Gentleness Mixes with Energy in Kamio and Akiyama’s VSO Concert


CanadaCanada Various: Mayuko Kamio (violin), Vancouver Symphony Orchestra / Kazuyoshi Akiyama (conductor), Chan Centre, Vancouver, 17.5.2019. (GN)

Kazuyoshi Akiyama (conductor) & VSO © Matthew Baird

RespighiAncient Airs and Dances: Suite No.3

J. S. Bach – Violin Concerto No.2 in E major BWV1042

Mozart – Violin Concerto No.3 in G major K.216

Mendelssohn – Symphony No.4 in A major Op.90 ‘Italian’

There has been no lack of nostalgia as the VSO closes out its hundredth anniversary season. Maestro Bramwell Tovey returned for a visit only a few weeks ago, and now Kazuyoshi Akiyama, the orchestra’s Music Director from 1972-1985 and Conductor Laureate thereafter, takes the helm. There was clearly a Japanese theme – and many devoted Japanese patrons present – as his collaborator was violinist Mayuko Kamio, winner of the 1998 Yehudi Menuhin Competition and Gold Medalist in the 2007 Tchaikovsky Competition.
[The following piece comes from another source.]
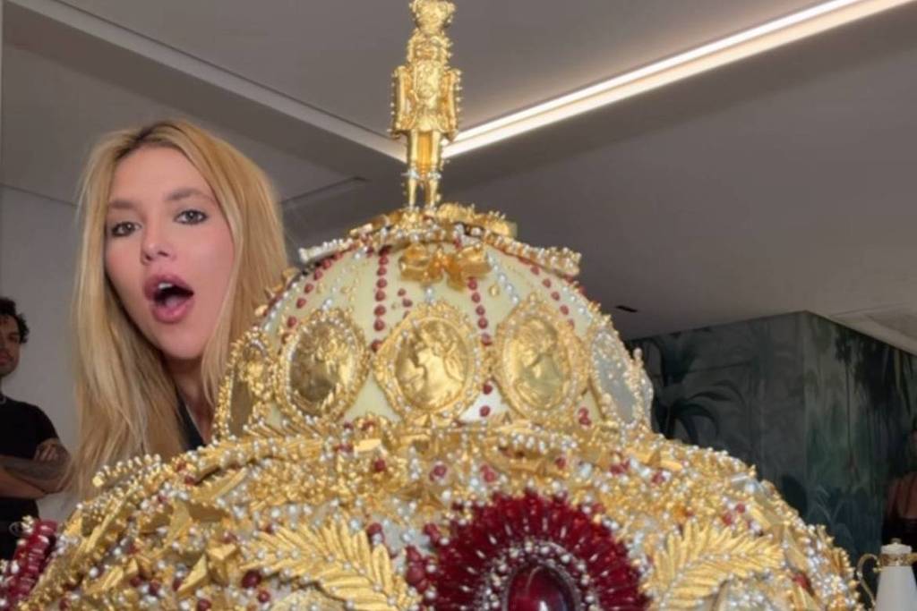 “Olha o tamanho disso aqui! O que será que tem aí dentro?”, disse a influenciadora digital ao receber uma grande caixa. Ao abrir, eis que surge um panetone gigante. Era, na verdade, um chocotone de 20 quilos, especialmente decorado para ela, lembrando uma joia. Foi um gentil oferecimento de um confeiteiro de São Paulo, que teve seu nome citado por ela para seus mais de 53 milhões de seguidores no Instagram.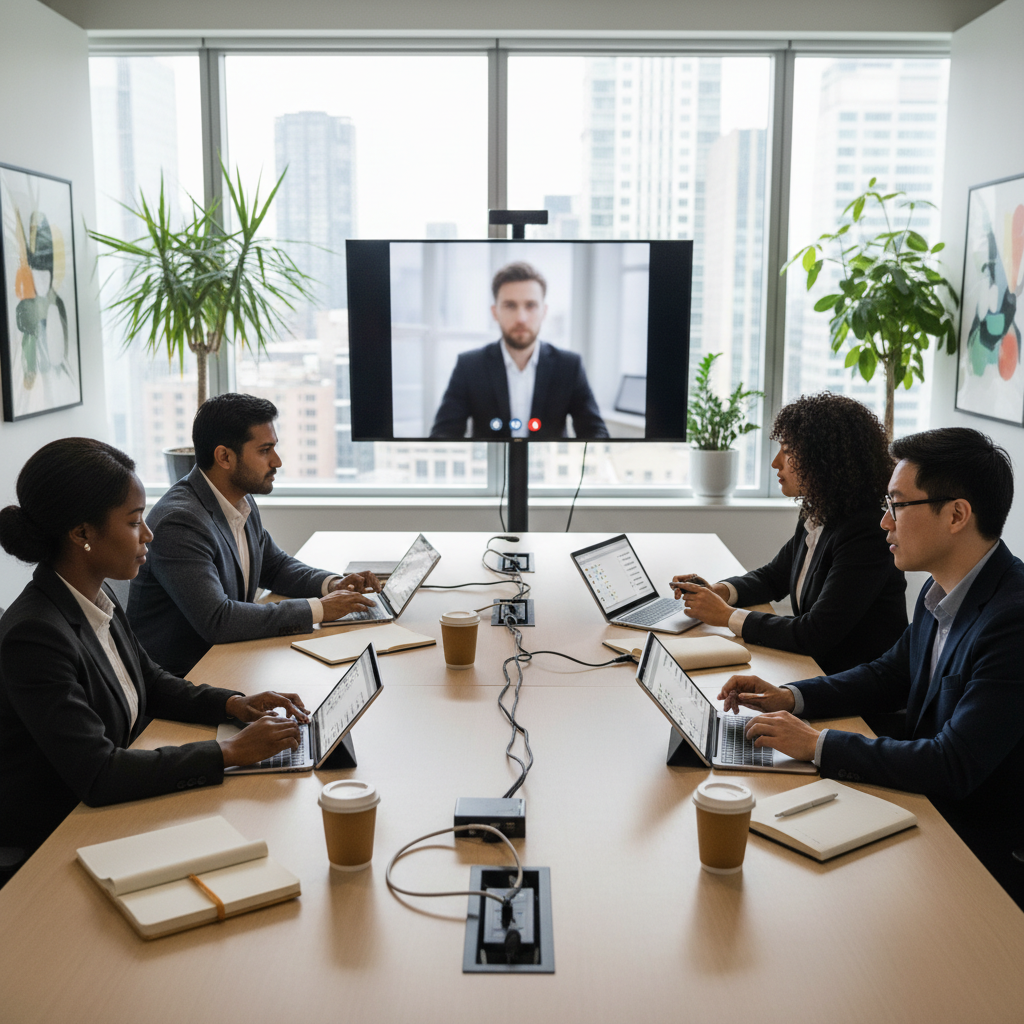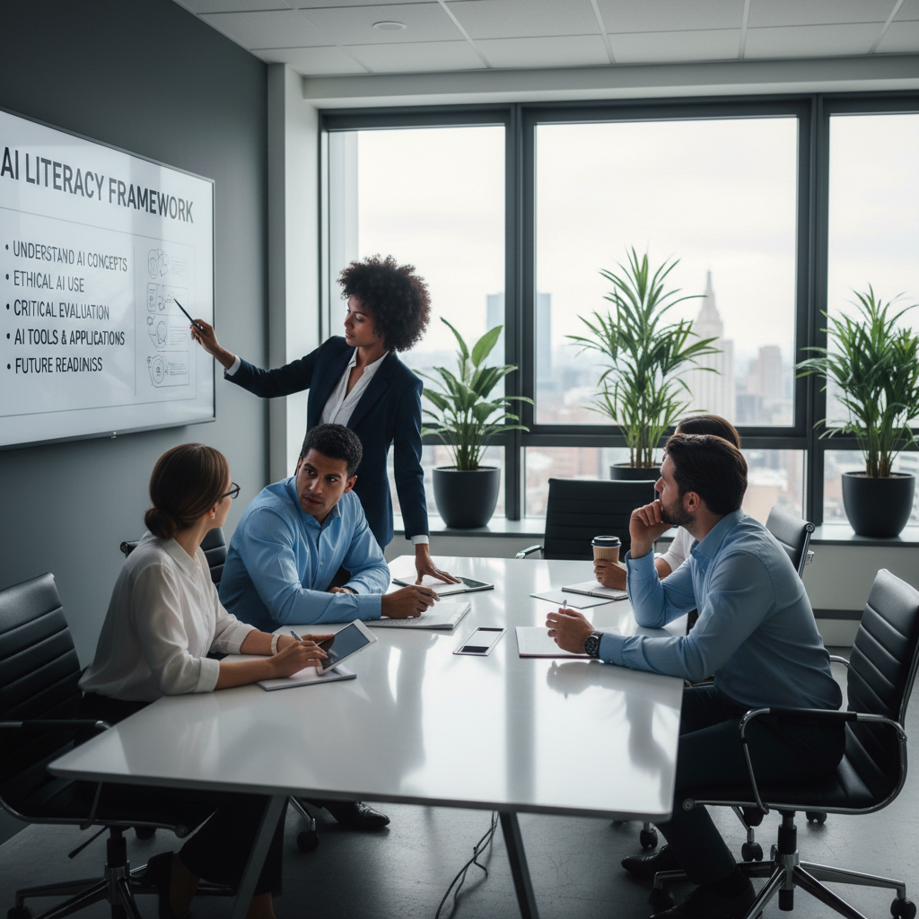 Alt text: Professional using AI-powered productivity tools in a collaborative team meeting, highlighting AI-literacy among qualified staff.

Their collaboration in Bach and Mozart concertos yielded an abiding gentleness throughout, while Akiyama added dramatic profile and thrust in Respighi and Mendelssohn.

Now approaching 80, Akiyama has been quite successful in his occasional appearances with the orchestra; I remember in particular a finely-drawn and moving account of Bernstein’s ‘Age of Anxiety’ with pianist Joyce Yang a few seasons ago. Respighi often figured in the conductor’s original programmes of the 1970s, particularly the Ancient Airs and Dances and the Pines of Rome. It was nice to revisit the famous third suite of the former, which emerged here as less fleet than previously but rather considered and complete. Slower tempos allowed for refinement and a greater sense of dynamic contrast from the outset, with phrases nicely shaped and some impressive pianissimos. The rustic spirit of the music seemed more evident. The Siciliana and closing Passacaglia were impressive too: the latter had genuine conviction, structuring contrasts with inevitability and bringing home the work’s majesty with powerful accents.

Mayuko Kamio, now 32, received praise for her debut disc for RCA in Gramophone in 2009 and comparable acclaim for her subsequent recording of Tchaikovsky and Prokofiev concertos. There is little doubt that she can coax silken lines from her 1727 Stradivarius (indeed, an instrument once owned by Joachim), and her technical bravura is considerable. Such attributes were certainly on display, as were her architectural sense and symmetry in phrasing, though her approach to the earlier classical works on this programme was more modest. Both Bach’s Violin Concerto in E major and Mozart’s Violin Concerto No.3 were given unusually gentle and refined treatments, always exuding an air of pleasantness. Patience and finesse from the soloist held hands with less astringent orchestral textures, while speeds were relatively deliberate. But perhaps it was all a little too pleasant. The Bach concerto might have found additional rhythmic snap from the orchestra, and the soloist surely might have established more joy and delight at the top of her phrases and ‘bite’ elsewhere. For all its pristine beauty, Kamio’s playing did not convey much of a human face.

She approached Mozart with similar sobriety, offering beautifully poised and elegant playing throughout (especially in the opening movement cadenza), but not always responding to the fiber and dramatic shape of the music. The lovely Adagio was played very slowly at withdrawn volumes, taking the movement’s legato lines into a gentle serenade but foregoing deeper intimations: pretty in its way, but also slightly sentimental. The finale was negotiated particularly well yet, at points, she still seemed to sit outside the music rather than within it. This was an interesting adventure for the young violinist but not one that completely penetrated these two celebrated works. For all her estimable talents, my reading is that Kamio is still slightly too cerebral and calculated to get the spontaneous flow and narrative line she needs.

Akiyama’s closing, the Italian Symphony by Mendelssohn, brought the evening home in full colour. The opening Allegro might have been a little too bouncy and unventilated for some tastes, but the rest of the performance was excellent. The Andante showed plenty of sentient hues, while the third movement had flow and atmosphere, with some commanding statements from the brass later on. The finale saw the best conducting of the night, with string counterpoint etched tellingly, excellent synergy and balance over the orchestra, all building to a powerful and exciting close.